Photo Credit: Maria Baranova, courtesy of Annie Dorsen
Lily Goldberg talks to the playwright bringing artificial intelligence to the stage.
Annie Dorsen is a theater director working at the intersection of algorithmic art and live performance. Earlier this month, her newest show, Prometheus Firebringer, concluded a two-week run at Brooklyn’s Theatre for a New Audience. In the hybrid performance, Dorsen recited a lecture on artificial intelligence assembled from texts by various authors, while on the other side of the stage, AI-generated Greek masks recited a GPT-3-produced tragedy.
This isn’t Dorsen’s first rodeo with AI. In fact, Dorsen has been experimenting with natural language processing in theatrical settings way before high schoolers started using ChatGPT to write their term papers. In Hello, hi there (2010), Dorsen made two chatbots perform an improvised dialogue inspired by the famous television debate between Michel Foucault and Noam Chomsky. In A Piece of Work (2013), a computer program scrambles Hamlet while an actor performs the output.
However, Prometheus Firebringer was Dorsen’s first piece to engage specifically with generative AI; I spoke with Dorsen about the show and its unique place within her body of work.
Lily Goldberg: For people who are unfamiliar with your work, can you give a brief overview of what you're energized by nowadays, and what you've been working on with this show?
Annie Dorsen: Back in 2009, I started working with very rudimentary AI. That started my interest in computer generated language and whether the theater could be an interesting place to explore the cultural resonance of computer generated text. I did a series of works through the 2010s that were all using pretty simple algorithmic structures—I was thinking a lot about transformation and the relationship between inputs and outputs, and thinking about how human cognition deals with text that has no human author. In 2012, I went to an AI conference in Toronto, where [philosopher and computer scientist] Judea Pearl gave a talk about the “statistical turn” in AI. I thought, eventually I'm going to have to deal with this.
LG: What kind of response have you gotten from people in your community about linking theater and AI?
AD: With Hello, Hi there, I got a lot of puzzled responses. There was one talkback where somebody stood up and said, "Why are you doing this? Theater is about the human!" I think she was very upset at the idea that I would make a theater piece where you're just watching a computer run through a program. That's a part of the theater culture for sure—that it is essentially understood as a humanist endeavor. Though there's been an enormous amount of writing going back to the 1950s about what computer generated language means philosophically and epistemologically, that discourse was not really current for most audience members.

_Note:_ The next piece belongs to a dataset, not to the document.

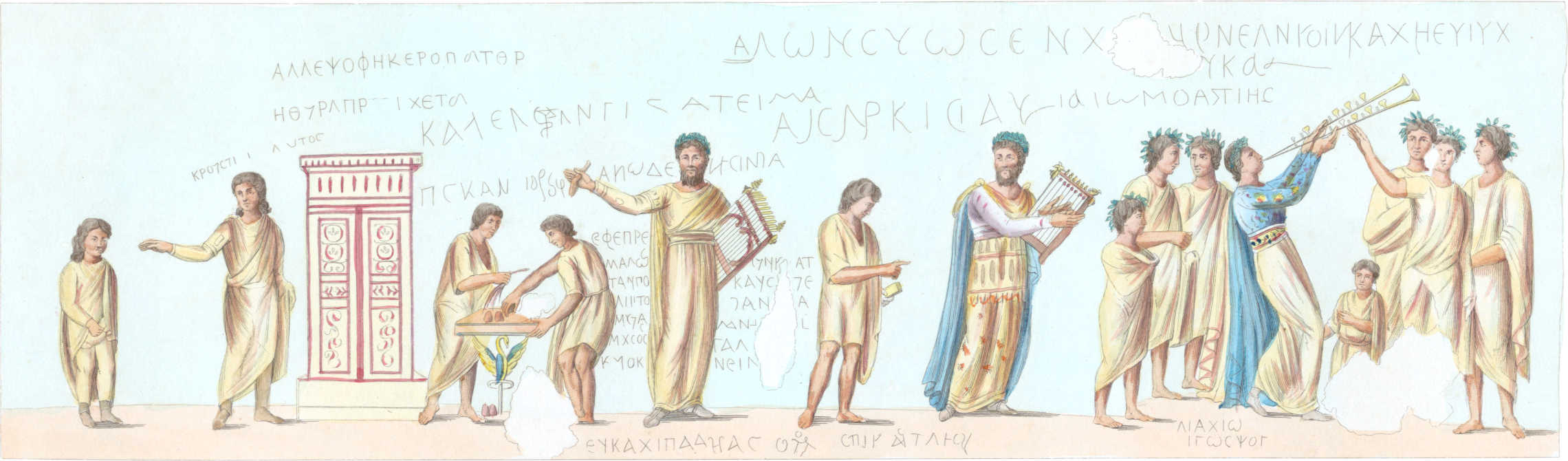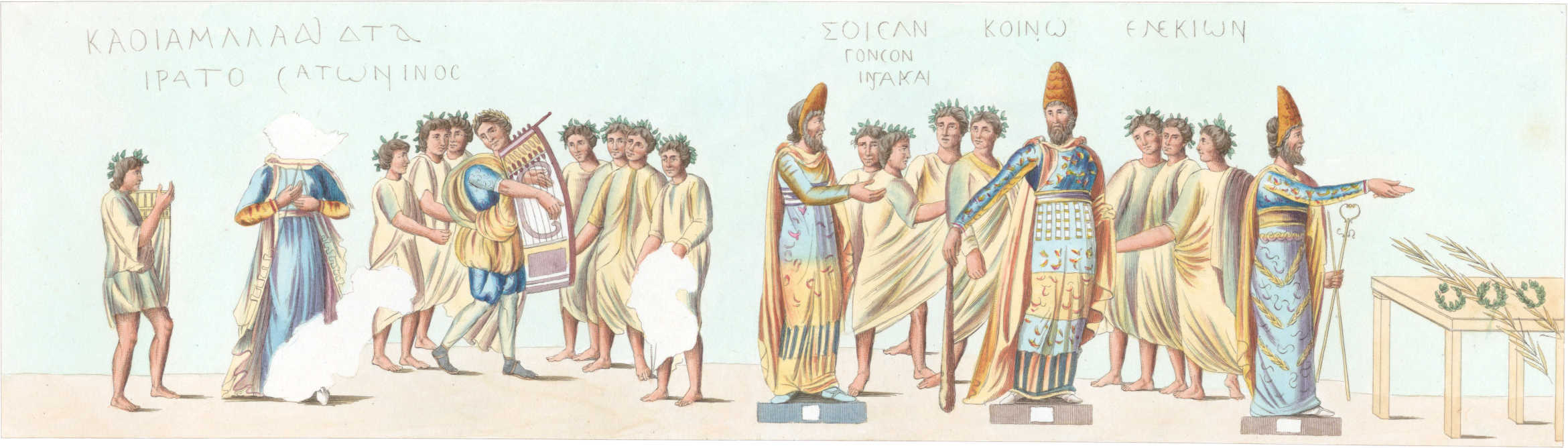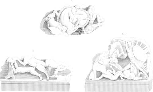 | LIV. | PEINTURE TROUVÉE SUR LA FRISE D’UN TOMBEAU, À CYRÈNE. |

The pieces have gotten more relevant for audiences as the years pass. Once the new class of models was released and exploded in popularity, I had a lot of people saying "Oh, the culture has caught up with what you've been trying to talk about for fifteen years!"
LG: In Prometheus Firebringer, you called AI a "predicting machine.” What’s the role of prediction in mythology and in your work?
AD: In Prometheus Bound [the text on which Prometheus Firebringer is based], prediction is the driver of the whole business. Prometheus has been punished for the theft of fire, but his get out of jail card would be to tell Zeus what Zeus wants to know, which is that in the future, some descendant of Zeus is going to overthrow him. Also, obviously, prediction is at the heart of computational thinking—statistics are nothing more than a way to predict, I suppose. That's about political and economic control.
When we organize an entire kind of epistemological universe around the idea of prediction based on prior patterns, we're doing something very weird, you know? Shoshana Zuboff writes about this pretty directly—you're deciding that the future is going to be like the past. That you can control for anomalies. That's a pretty brutal form of social control when you put it in those terms.